Open anilpacaci opened 7 years ago

anilpacaci commented 7 years ago

For now, we use transactional data loading mechanisms of JanusGraph (Titan). For large datasets, this approach is impractical and we should use Spark or Giraph based BulkLoaderVertexProgram

anilpacaci commented 7 years ago

Here we will rely on HadoopGraph and we will use ScriptInputFormat. Key is to create an adjacency list representation of the graph data generated by LDBC SNB Datagen. Here are the steps;

  1. Load all edge data to Spark RDDs
  2. Join this edge data by source vertex ID and combine target vertex IDs into a list. This way there will be a single adjacency list representation for entire edge data
  3. Write out this adjacency list to HDFS
  4. Write a small script for ScriptInputFormat that reads line from these adjacency list creates vertex for that line
  5. Configure HadoopGraph with ScriptInputFormat and CassandraInputFormat
  6. then simply running BulkLoaderVertexProgram will read these adjacency files and populate cassandra backend
anilpacaci commented 7 years ago

We need to agree on common format for our adjacency list format, meaning that which properties needs to appear in the adjacency list format. Since each vertex type has varying number of properties, it is better to omit vertex properties from the adjacency files. On the other hand, edges will only have labels, and timestamps in some rare cases. So we can just keep edge information in adjacency list.
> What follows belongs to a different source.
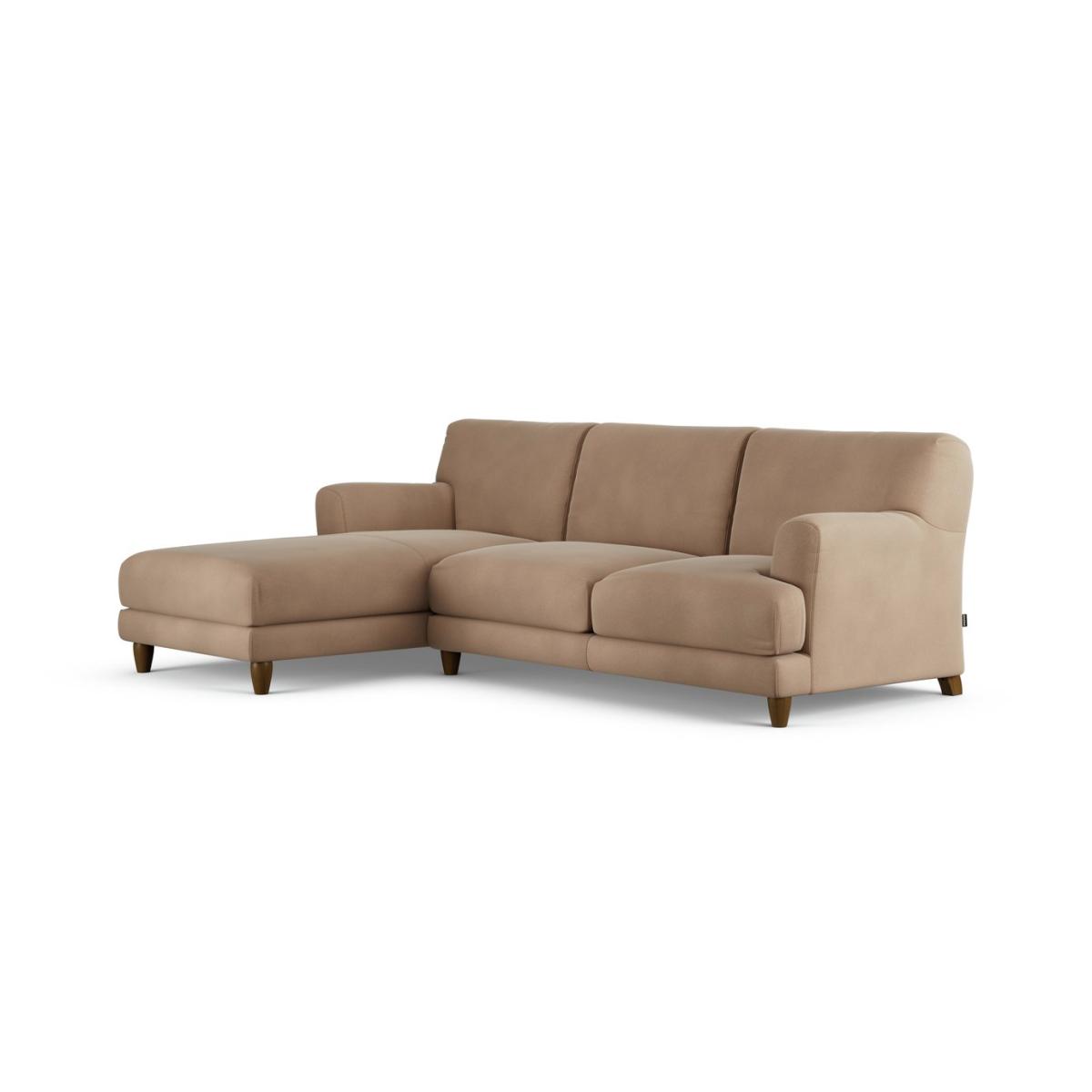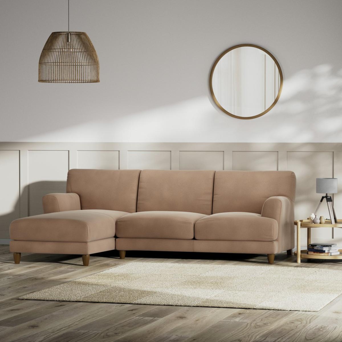 When it's made for you, you know you'll love it. Offering a contemporary take on a much-loved classic shape, the Askem 4-seater left-hand chaise is sinkingly soft and comfortable. Upholstered in a rich velvet, the Askem takes on a luxe look. With a taller backrest for added support, wide arms and generously padded seats and back cushions. Offering relaxed comfort, Askem's cushions use high density foam, further wrapped in a thick quilted fibre wrap to create the perfect balance of support, durability and recovery. Handmade to order in the UK. The Askem uses quality materials and traditional techniques for furniture that's unique to you. Available in a choice of sizes and fabrics including Aquaclean technology protection built into the yarn, which is easy to clean with just water. Part of the Askem collection. Left hand corner. Material: Made from 100% recycled polyester. Wooden feet. Removable seats with fibre filling. Dimensions: Size H87, longer width 256,. Floor to seat height: 51cm. Depth of seat: 70cm. Height of seat back: 51cm. Longer seating area width between arms: 207cm. Height of arm rest: 61cm. Packaged dimensions: Package size H92, W167, D115cm. Second package size H92, W99, D182cm. General information: We do more than deliver your product, we unpack, set it up and take away the packaging. Manufactured in the UK using components sourced globally. Professional clean only. Plump cushions regularly to maintain shape. Manufacturer's 15 year frame guarantee.

We will be using Script IO Format documentation. Therefore we have little flexibility about the format we are using. My recommendation is a format where each line represent a vertex and all of its outgoing edges in following format:

sourcevertexid:label neighbour1id:vertexlabel:edgelabel:timestamp neighbour2id:vertexlabel:edgelabel:timestamp

But the problem is right now we have all relations is separate CSV files, meaning that all the knows edges of one person will be in one file, likes edges will be in another file. So we will need to join these CSV files on source vertex id, so that we can aggregate all the edges of one source vertex at one place. You can find an example small dataset here. Now what we need to do is use SparkSQL. We will load all edge files as separate CSV files (spark sql allows csv files to be loaded directly, you do not have to worry about writing a parser) Then join over all these tables, generate the adjacency list and export one huge single file. For now, we can just do it using Spark running on small machine on the sample dataset I provided, then same code can be simply moved to cluster to deal with larger datasets.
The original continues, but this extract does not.